─── Supplied records ───

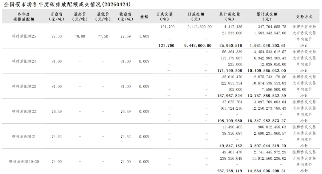 2026年1月1日至4月24日,全国碳市场碳排放配额成交量27,256,277吨,成交额2,034,896,937.21元。
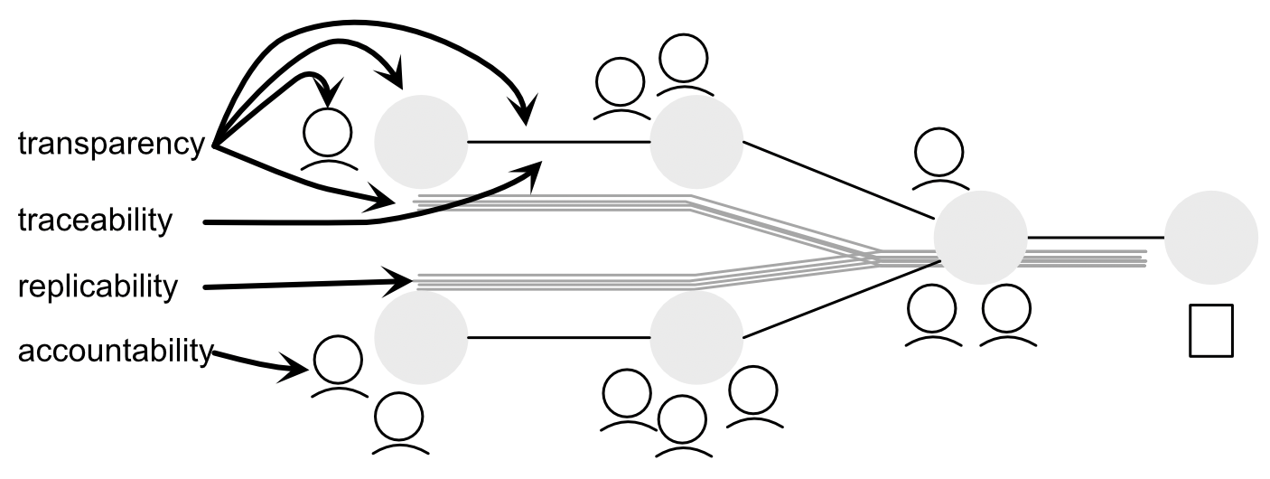 This diagram is simplified. What goes on in those nodes can be very complex, add more people, and even increase depth and nuance to the information and processes. While those arrows pointing out where each shines are useful, the more nuanced reality is that all four are involved in every part of the functional diagram. Transparency has an arrow to node, connection, process, and people; in reality, they all do. What the mechanics assume is that there is information, process, and people involved. It also assumes that sooner or later mistakes will be fixed.
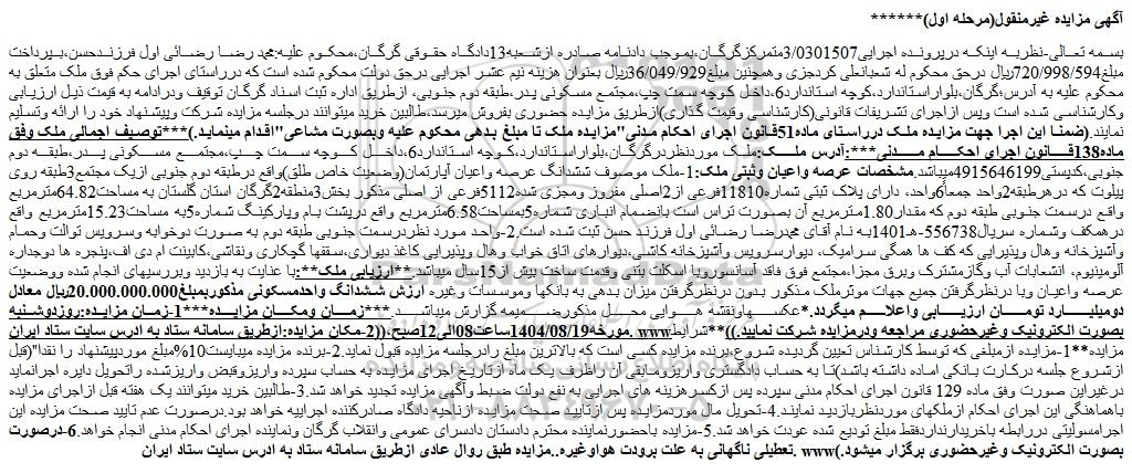 بسمه تعالی-نظربه اینکه درپرونده اجرایی3/0301507متمرکزگرگان،بموجب دادنامه صادره ازشعبه13دادگاه حقوقی گرگان،محکوم علیه:محمد رضا رضائی اول فرزندحسن،بپرداخت مبلغ720/998/594ریال درحق محکوم له شعبانعلی کردجزی وهمچنین مبلغ36/049/929ریال بعنوان هزینه نیم عشر اجرایی درحق دولت محکوم شده است که درراستای اجرای حکم فوق ملک متعلق به محکوم علیه به آدرس؛گرگان،بلواراستاندارد،کوچه استاندارد6،داخل کوچه سمت چپ،مجتمع مسکونی پدر،طبقه دوم جنوبی، ازطریق اداره ثبت اسناد گرگان توقیف ودرادامه به قیمت ذیل ارزیابی وکارشناسی شده است وپس ازاجرای تشریفات قانونی(کارشناسی وقیمت گذاری)ازطریق مزایده حضوری بفروش میرسد،طالبین خرید میتوانند درجلسه مزایده شرکت وپیشنهاد خود را ارائه وتسلیم نمایند.(ضمنا این اجرا جهت مزایده ملک درراستای ماده51قانون اجرای احکام مدنی"مزایده ملک تا مبلغ بدهی محکوم علیه وبصورت مشاعی"اقدام مینماید.)***توصیف اجمالی ملک وفق ماده138قانون اجرای احکام مدنی***:آدرس ملک:ملک موردنظردرگرگان،بلواراستاندارد،کوچه استاندارد6،داخل کوچه سمت چپ،مجتمع مسکونی پدر،طبقه دوم جنوبی،کدپستی4915646199میباشد.مشخصات عرصه واعیان وثبتی ملک:1-ملک موصوف ششدانگ عرصه واعیان آپارتمان(وضعیت خاص طلق)واقع درطبقه دوم جنوبی ازیک مجتمع3طبقه روی پیلوت که درهرطبقه2واحد جمعاً6واحد، دارای پلاک ثبتی شماره11810فرعی از2اصلی مفروز ومجزی شده5112فرعی از اصلی مذکور بخش3منطقه2گرگان استان گلستان به مساحت64.82مترمربع واقع درسمت جنوبی طبقه دوم که مقدار1.80مترمربع آن بصورت تراس است بانضمام انباری شماره5بمساحت6.58مترمربع واقع درپشت بام وپارکینگ شماره5به مساحت15.23مترمربع واقع درهمکف وشماره سریال556738-هـ1401به نام آقای محمدرضا رضائی اول فرزند حسن ثبت شده است.2-واحد مورد نظردرسمت جنوبی طبقه دوم به صورت دوخوابه وسرویس توالت وحمام وآشپزخانه وهال وپذیرایی که کف ها همگی سرامیک، دیوارسرویس وآشپزخانه کاشی،دیوارهای اتاق خواب وهال وپذیرایی کاغذ دیواری،سقفها گچکاری ونقاشی،کابینت ام دی اف،پنجره ها دوجداره آلومینیوم، انشعابات آب وگازمشترک وبرق مجزا،مجتمع فوق فاقد آسانسوروبا اسکلت بتنی وقدمت ساخت بیش از15سال میباشد.**ارزیابی ملک**:با عنایت به بازدید وبررسیهای انجام شده ووضعیت عرصه واعیان وبا درنظرگرفتن جمیع جهات موثرملک مذکور بدون درنظرگرفتن میزان بدهی به بانکها وموسسات وغیره ارزش ششدانگ واحدمسکونی مذکوربمبلغ20.000.000.000ریال معادل دومیلیارد تومان ارزیابی واعلام میگردد.*عکسهاونقشه هوایی محل مذکورضمیمه گزارش میباشد.***زمان ومکان مزایده***1-زمان مزایده:روزدوشنبه مورخه1404/08/19ساعت08الی12صبح،((2-مکان مزایده:ازطریق سامانه ستاد به ادرس سایت ستاد ایران. wwwبصورت الکترونیک وغیرحضوری مراجعه ودرمزایده شرکت نمایید.))**شرایط مزایده**1-مزایده ازمبلغی که توسط کارشناس تعیین گردیده شروع،برنده مزایده کسی است که بالاترین مبلغ رادرجلسه مزایده قبول نماید.2-برنده مزایده میبایست10%مبلغ موردپیشنهاد را نقدا"(قبل ازشروع جلسه درکارت بانکی اماده داشته باشد)تا به حساب دادگستری واریزومابقی آن راظرف یک ماه ازتاریخ اجرای مزایده به حساب سپرده واریزوقبض واریزشده راتحویل دایره اجرانماید درغیراین صورت وفق ماده 129 قانون اجرای احکام مدنی سپرده پس ازکسرهزینه های اجرایی به نفع دولت ضبط وآگهی مزایده تجدید خواهد شد.3-طالبین خرید میتوانند یک هفته قبل ازاجرای مزایده باهماهنگی این اجرای احکام ازملکهای موردنظربازدید نمایند.4-تحویل مال موردمزایده پس ازتایید صحت مزایده ازناحیه دادگاه صادرکننده اجراییه خواهد بود.درصورت عدم تایید صحت مزایده این اجرامسولیتی دررابطه باخریدارنداردفقط مبلغ تودیع شده عودت خواهد شد.5-مزایده باحضورنماینده محترم دادستان دادسرای عمومی وانقلاب گرگان ونماینده اجرای احکام مدنی انجام خواهد.6-درصورت تعطیلی ناگهانی به علت برودت هواوغیره..مزایده طبق روال عادی ازطریق سامانه ست
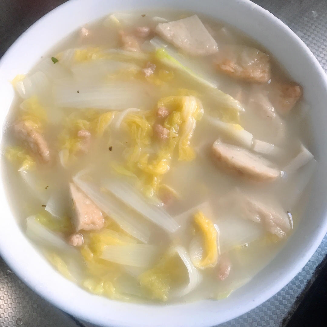 做成了海米娃娃菜汤,加了鱼饼鱼豆腐
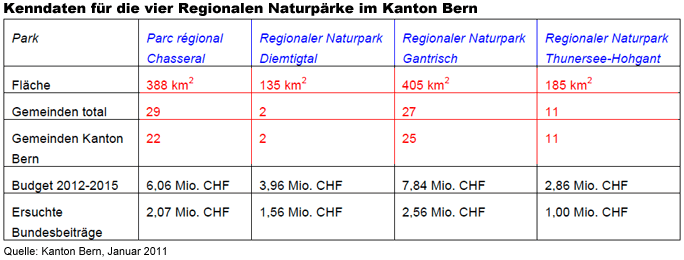 Am 7. Januar 2011 gingen beim Bundesamt für Umwelt BAFU in der vierten Eingaberunde seit 2008 neun Gesuche für Pärke von nationaler Bedeutung ein. Es handelte sich dabei um ein neues Gesuch des Kantons Tessin für globale Finanzhilfen zur Errichtung des Nationalparks Locarnese sowie um acht Gesuche um Verleihung des Parklabels für den Betrieb von Regionalen Naturpärken. Nach inhaltlicher Prüfung der Gesuche und Besichtigungen vor Ort steht fest, dass alle Gesuche die entsprechenden Anforderungen erfüllen.

───

* [Work required]: All the material shown above is to be copied exactly, with no pictures carried over.

* [Answer to the exercise]:
 2026年1月1日至4月24日,全国碳市场碳排放配额成交量27,256,277吨,成交额2,034,896,937.21元。
 This diagram is simplified. What goes on in those nodes can be very complex, add more people, and even increase depth and nuance to the information and processes. While those arrows pointing out where each shines are useful, the more nuanced reality is that all four are involved in every part of the functional diagram. Transparency has an arrow to node, connection, process, and people; in reality, they all do. What the mechanics assume is that there is information, process, and people involved. It also assumes that sooner or later mistakes will be fixed.
 بسمه تعالی-نظربه اینکه درپرونده اجرایی3/0301507متمرکزگرگان،بموجب دادنامه صادره ازشعبه13دادگاه حقوقی گرگان،محکوم علیه:محمد رضا رضائی اول فرزندحسن،بپرداخت مبلغ720/998/594ریال درحق محکوم له شعبانعلی کردجزی وهمچنین مبلغ36/049/929ریال بعنوان هزینه نیم عشر اجرایی درحق دولت محکوم شده است که درراستای اجرای حکم فوق ملک متعلق به محکوم علیه به آدرس؛گرگان،بلواراستاندارد،کوچه استاندارد6،داخل کوچه سمت چپ،مجتمع مسکونی پدر،طبقه دوم جنوبی، ازطریق اداره ثبت اسناد گرگان توقیف ودرادامه به قیمت ذیل ارزیابی وکارشناسی شده است وپس ازاجرای تشریفات قانونی(کارشناسی وقیمت گذاری)ازطریق مزایده حضوری بفروش میرسد،طالبین خرید میتوانند درجلسه مزایده شرکت وپیشنهاد خود را ارائه وتسلیم نمایند.(ضمنا این اجرا جهت مزایده ملک درراستای ماده51قانون اجرای احکام مدنی"مزایده ملک تا مبلغ بدهی محکوم علیه وبصورت مشاعی"اقدام مینماید.)***توصیف اجمالی ملک وفق ماده138قانون اجرای احکام مدنی***:آدرس ملک:ملک موردنظردرگرگان،بلواراستاندارد،کوچه استاندارد6،داخل کوچه سمت چپ،مجتمع مسکونی پدر،طبقه دوم جنوبی،کدپستی4915646199میباشد.مشخصات عرصه واعیان وثبتی ملک:1-ملک موصوف ششدانگ عرصه واعیان آپارتمان(وضعیت خاص طلق)واقع درطبقه دوم جنوبی ازیک مجتمع3طبقه روی پیلوت که درهرطبقه2واحد جمعاً6واحد، دارای پلاک ثبتی شماره11810فرعی از2اصلی مفروز ومجزی شده5112فرعی از اصلی مذکور بخش3منطقه2گرگان استان گلستان به مساحت64.82مترمربع واقع درسمت جنوبی طبقه دوم که مقدار1.80مترمربع آن بصورت تراس است بانضمام انباری شماره5بمساحت6.58مترمربع واقع درپشت بام وپارکینگ شماره5به مساحت15.23مترمربع واقع درهمکف وشماره سریال556738-هـ1401به نام آقای محمدرضا رضائی اول فرزند حسن ثبت شده است.2-واحد مورد نظردرسمت جنوبی طبقه دوم به صورت دوخوابه وسرویس توالت وحمام وآشپزخانه وهال وپذیرایی که کف ها همگی سرامیک، دیوارسرویس وآشپزخانه کاشی،دیوارهای اتاق خواب وهال وپذیرایی کاغذ دیواری،سقفها گچکاری ونقاشی،کابینت ام دی اف،پنجره ها دوجداره آلومینیوم، انشعابات آب وگازمشترک وبرق مجزا،مجتمع فوق فاقد آسانسوروبا اسکلت بتنی وقدمت ساخت بیش از15سال میباشد.**ارزیابی ملک**:با عنایت به بازدید وبررسیهای انجام شده ووضعیت عرصه واعیان وبا درنظرگرفتن جمیع جهات موثرملک مذکور بدون درنظرگرفتن میزان بدهی به بانکها وموسسات وغیره ارزش ششدانگ واحدمسکونی مذکوربمبلغ20.000.000.000ریال معادل دومیلیارد تومان ارزیابی واعلام میگردد.*عکسهاونقشه هوایی محل مذکورضمیمه گزارش میباشد.***زمان ومکان مزایده***1-زمان مزایده:روزدوشنبه مورخه1404/08/19ساعت08الی12صبح،((2-مکان مزایده:ازطریق سامانه ستاد به ادرس سایت ستاد ایران. wwwبصورت الکترونیک وغیرحضوری مراجعه ودرمزایده شرکت نمایید.))**شرایط مزایده**1-مزایده ازمبلغی که توسط کارشناس تعیین گردیده شروع،برنده مزایده کسی است که بالاترین مبلغ رادرجلسه مزایده قبول نماید.2-برنده مزایده میبایست10%مبلغ موردپیشنهاد را نقدا"(قبل ازشروع جلسه درکارت بانکی اماده داشته باشد)تا به حساب دادگستری واریزومابقی آن راظرف یک ماه ازتاریخ اجرای مزایده به حساب سپرده واریزوقبض واریزشده راتحویل دایره اجرانماید درغیراین صورت وفق ماده 129 قانون اجرای احکام مدنی سپرده پس ازکسرهزینه های اجرایی به نفع دولت ضبط وآگهی مزایده تجدید خواهد شد.3-طالبین خرید میتوانند یک هفته قبل ازاجرای مزایده باهماهنگی این اجرای احکام ازملکهای موردنظربازدید نمایند.4-تحویل مال موردمزایده پس ازتایید صحت مزایده ازناحیه دادگاه صادرکننده اجراییه خواهد بود.درصورت عدم تایید صحت مزایده این اجرامسولیتی دررابطه باخریدارنداردفقط مبلغ تودیع شده عودت خواهد شد.5-مزایده باحضورنماینده محترم دادستان دادسرای عمومی وانقلاب گرگان ونماینده اجرای احکام مدنی انجام خواهد.6-درصورت تعطیلی ناگهانی به علت برودت هواوغیره..مزایده طبق روال عادی ازطریق سامانه ست
 做成了海米娃娃菜汤,加了鱼饼鱼豆腐
 Am 7. Januar 2011 gingen beim Bundesamt für Umwelt BAFU in der vierten Eingaberunde seit 2008 neun Gesuche für Pärke von nationaler Bedeutung ein. Es handelte sich dabei um ein neues Gesuch des Kantons Tessin für globale Finanzhilfen zur Errichtung des Nationalparks Locarnese sowie um acht Gesuche um Verleihung des Parklabels für den Betrieb von Regionalen Naturpärken. Nach inhaltlicher Prüfung der Gesuche und Besichtigungen vor Ort steht fest, dass alle Gesuche die entsprechenden Anforderungen erfüllen.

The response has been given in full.